══ AVAILABLE DATA

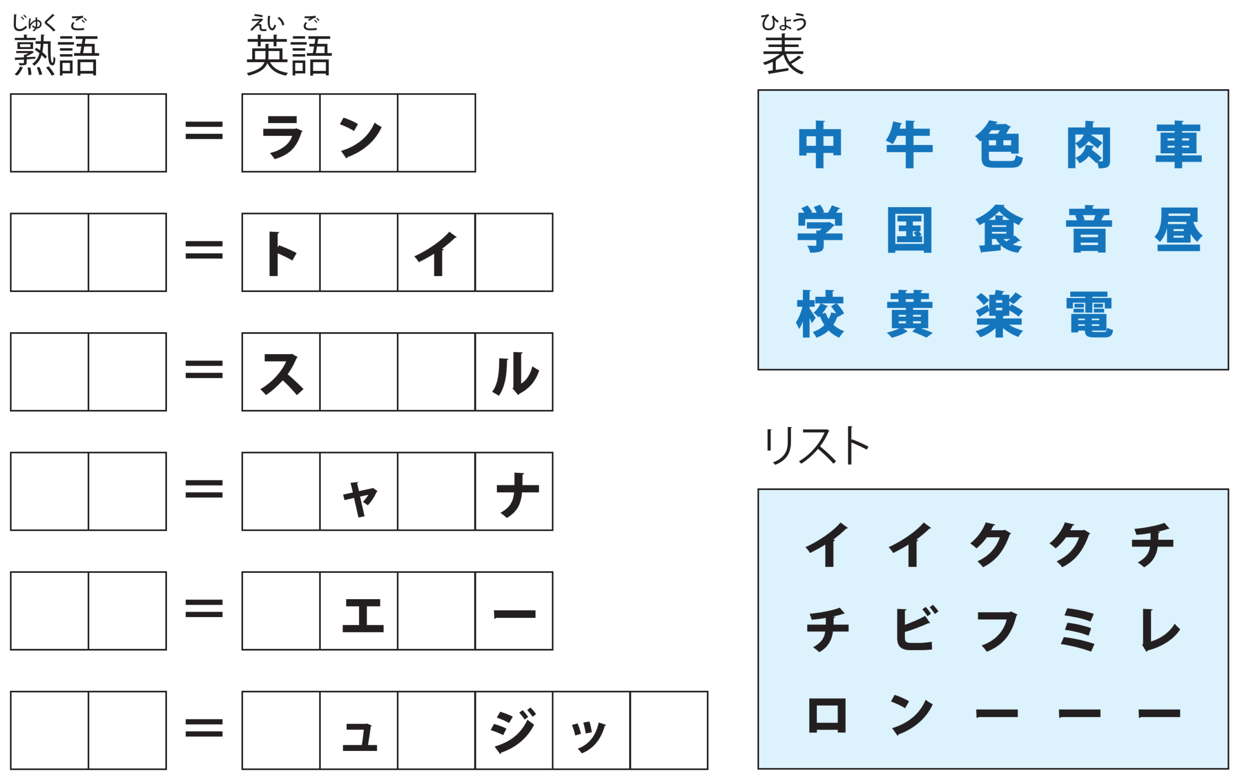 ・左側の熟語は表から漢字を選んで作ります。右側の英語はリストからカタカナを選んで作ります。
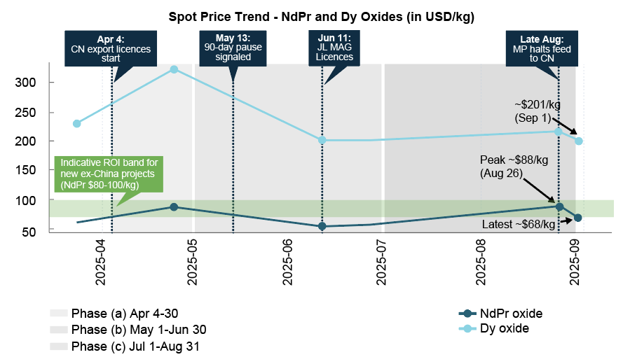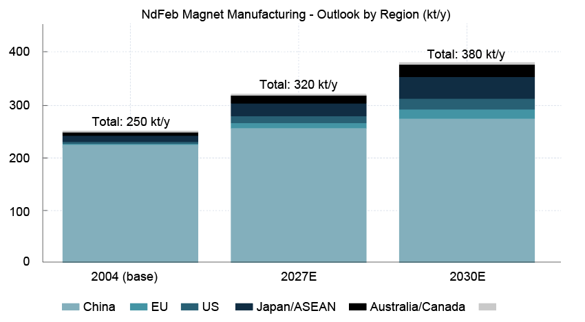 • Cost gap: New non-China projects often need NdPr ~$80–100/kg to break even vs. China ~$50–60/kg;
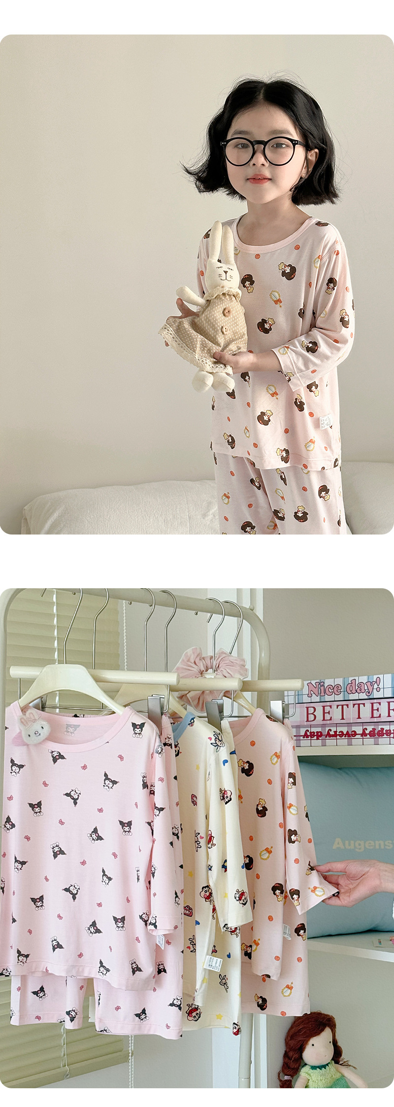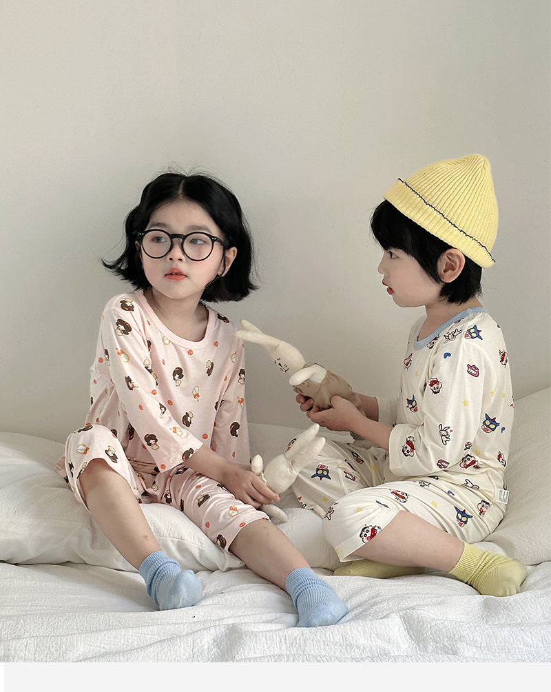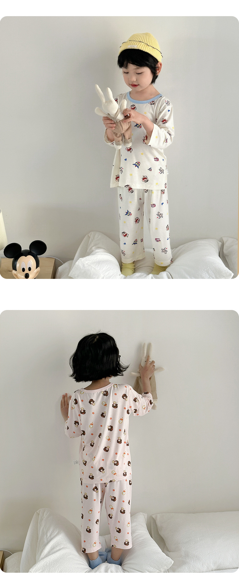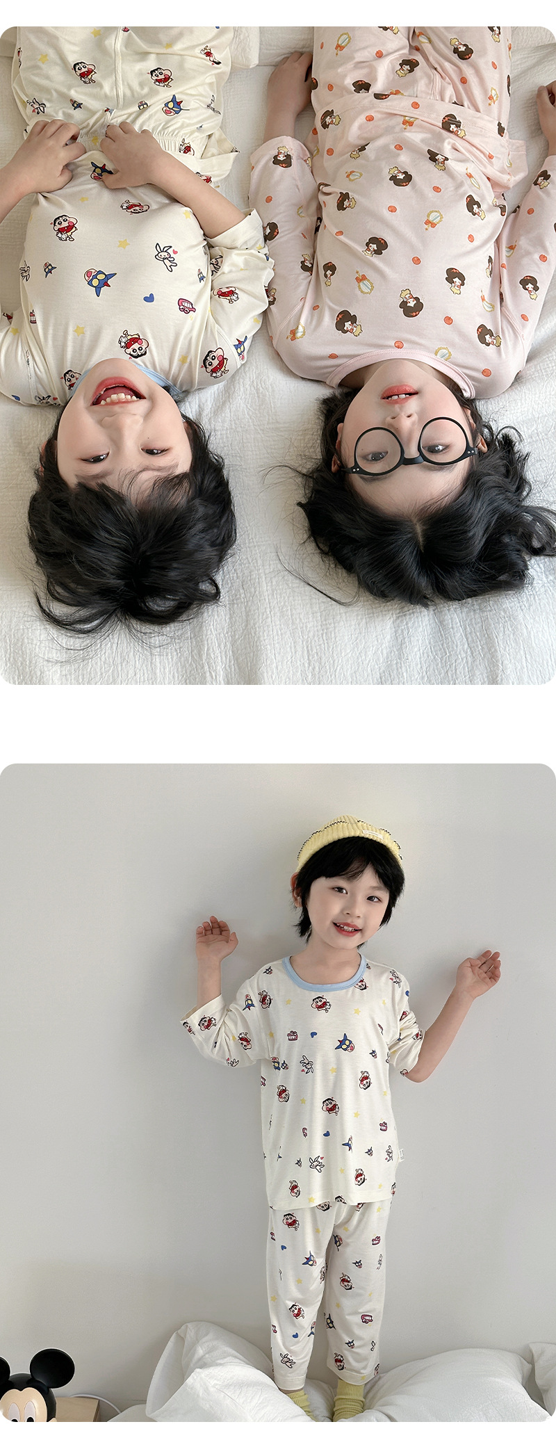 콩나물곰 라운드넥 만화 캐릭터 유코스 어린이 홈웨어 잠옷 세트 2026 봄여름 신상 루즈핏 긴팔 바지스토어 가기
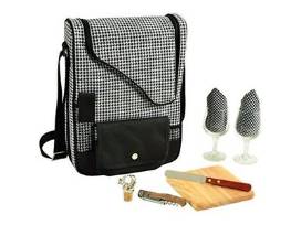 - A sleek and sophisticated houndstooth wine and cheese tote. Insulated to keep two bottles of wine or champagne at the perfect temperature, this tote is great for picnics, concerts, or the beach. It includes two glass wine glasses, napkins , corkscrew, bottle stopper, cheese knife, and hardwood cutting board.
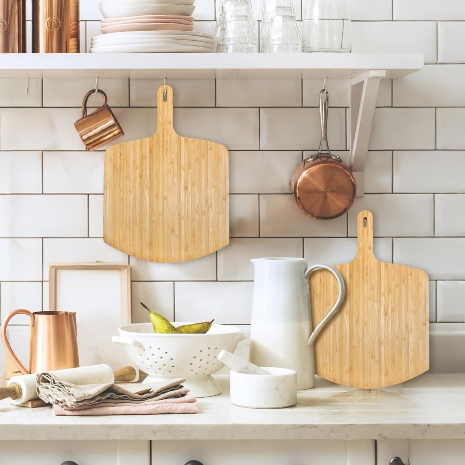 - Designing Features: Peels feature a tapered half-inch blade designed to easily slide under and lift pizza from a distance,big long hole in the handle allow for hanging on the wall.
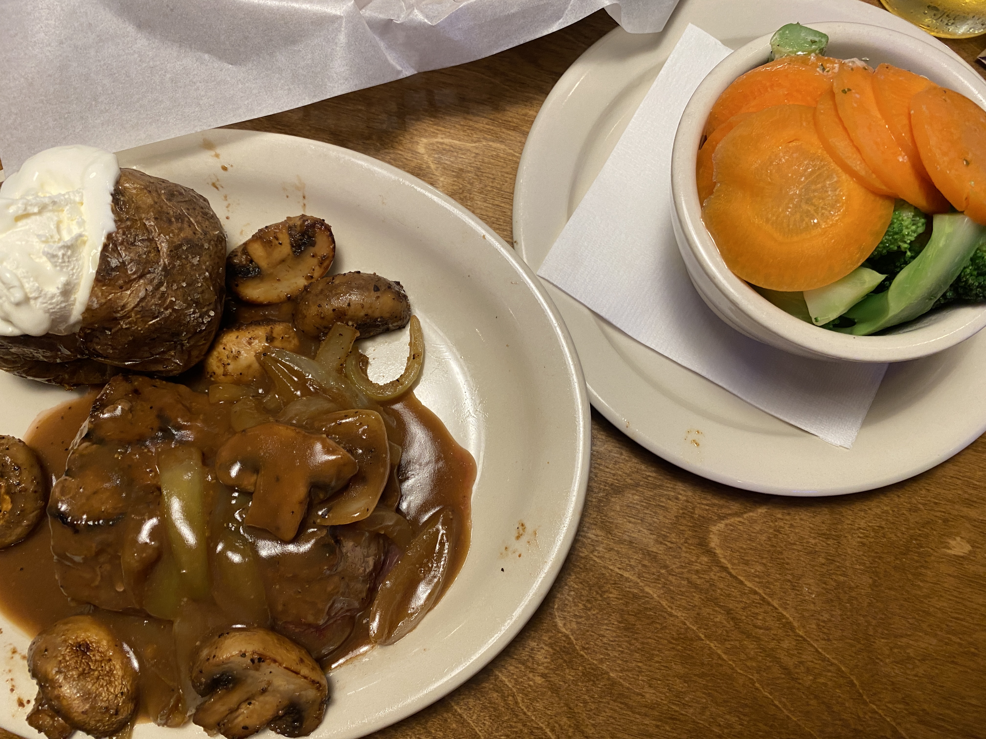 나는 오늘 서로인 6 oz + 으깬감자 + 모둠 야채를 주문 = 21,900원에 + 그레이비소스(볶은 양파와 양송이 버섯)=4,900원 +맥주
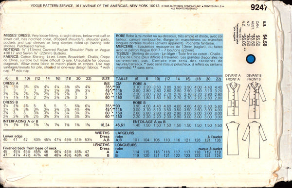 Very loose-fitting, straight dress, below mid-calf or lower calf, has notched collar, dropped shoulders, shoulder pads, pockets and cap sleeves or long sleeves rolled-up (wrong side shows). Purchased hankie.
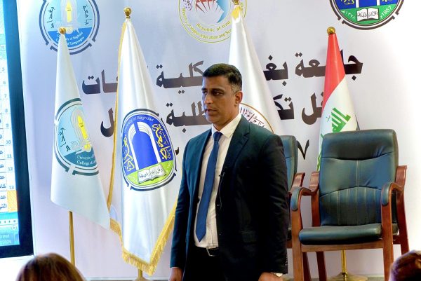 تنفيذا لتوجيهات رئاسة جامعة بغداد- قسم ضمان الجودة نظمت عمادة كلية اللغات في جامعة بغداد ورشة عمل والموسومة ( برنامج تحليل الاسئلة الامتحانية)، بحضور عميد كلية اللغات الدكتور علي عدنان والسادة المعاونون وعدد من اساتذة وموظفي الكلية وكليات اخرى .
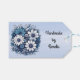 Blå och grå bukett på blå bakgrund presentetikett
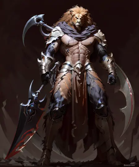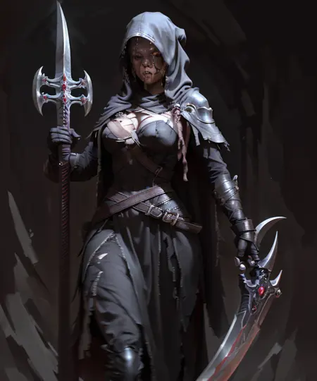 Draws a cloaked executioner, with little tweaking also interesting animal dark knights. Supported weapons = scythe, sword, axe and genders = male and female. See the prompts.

════

**WHAT TO PRODUCE**
Only one thing is wanted here, an exact copy of the lines from the first line above through the line containing "콩나물곰 라운드넥 만화", minus any picture.

**OUTPUT OF THE EXERCISE**
 ・左側の熟語は表から漢字を選んで作ります。右側の英語はリストからカタカナを選んで作ります。
 • Cost gap: New non-China projects often need NdPr ~$80–100/kg to break even vs. China ~$50–60/kg;
 콩나물곰 라운드넥 만화 캐릭터 유코스 어린이 홈웨어 잠옷 세트 2026 봄여름 신상 루즈핏 긴팔 바지스토어 가기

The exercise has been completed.